每天大門不出二門不邁,活像個自閉的小姑娘。
「少女,今晚讓基地的廚子弄了幾個好菜,我們要喝酒,你來嗎?」蒙格瑪跑到別墅來叫她,「有我老婆專門從哥倫比亞寄過來的特產哦,她說你去年在那邊祖母綠礦安保的那三個月很喜歡吃的,特地囑咐我做的時候一定要叫上你。」
青梨本想拒絕,因為她要控制自己不要和任何人扯上過近的關係,可聽到蒙格瑪說的話,她最終還是點頭了。

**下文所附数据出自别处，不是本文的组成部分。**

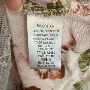 Umgee Floral Mini Dress Sleeveless with Crochet Cut Out V-neck Size Medium Tunic
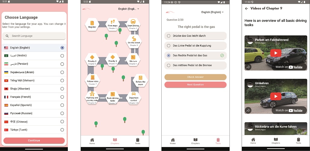 Pasi të keni përfunduar një kapitull, testoni njohuritë tuaja me ndihmën e ushtrimeve të përfshira. Përsërisni përmbajtjen derisa ta zotëroni plotësisht – ky është çelësi i suksesit të qëndrueshëm në mësim. Me këtë kombinim leximi, dëgjimi, shikimi dhe praktikimi, Drivelingua ju përgatit jo vetëm për orët e drejtimit, por edhe për provimin.

蒙格瑪的老婆莉莉女士,一個腰圍最細都有青梨三個粗的典型的南美洲女性,熱情博愛,犀利潑辣,即使常年一個人顧家,也把四個孩子照顧得很好,甚至能端著槍打退半夜上門試圖搶劫的歹徒。
在青梨於大寶森節上主動示好卻被岳峙拒絕,之後被派去哥倫比亞安保那段最傷心灰暗的日子裡,莉莉女士就像是熱情的向日葵,好不講理地照亮了青梨的人生,給了她媽媽般溫暖的照顧。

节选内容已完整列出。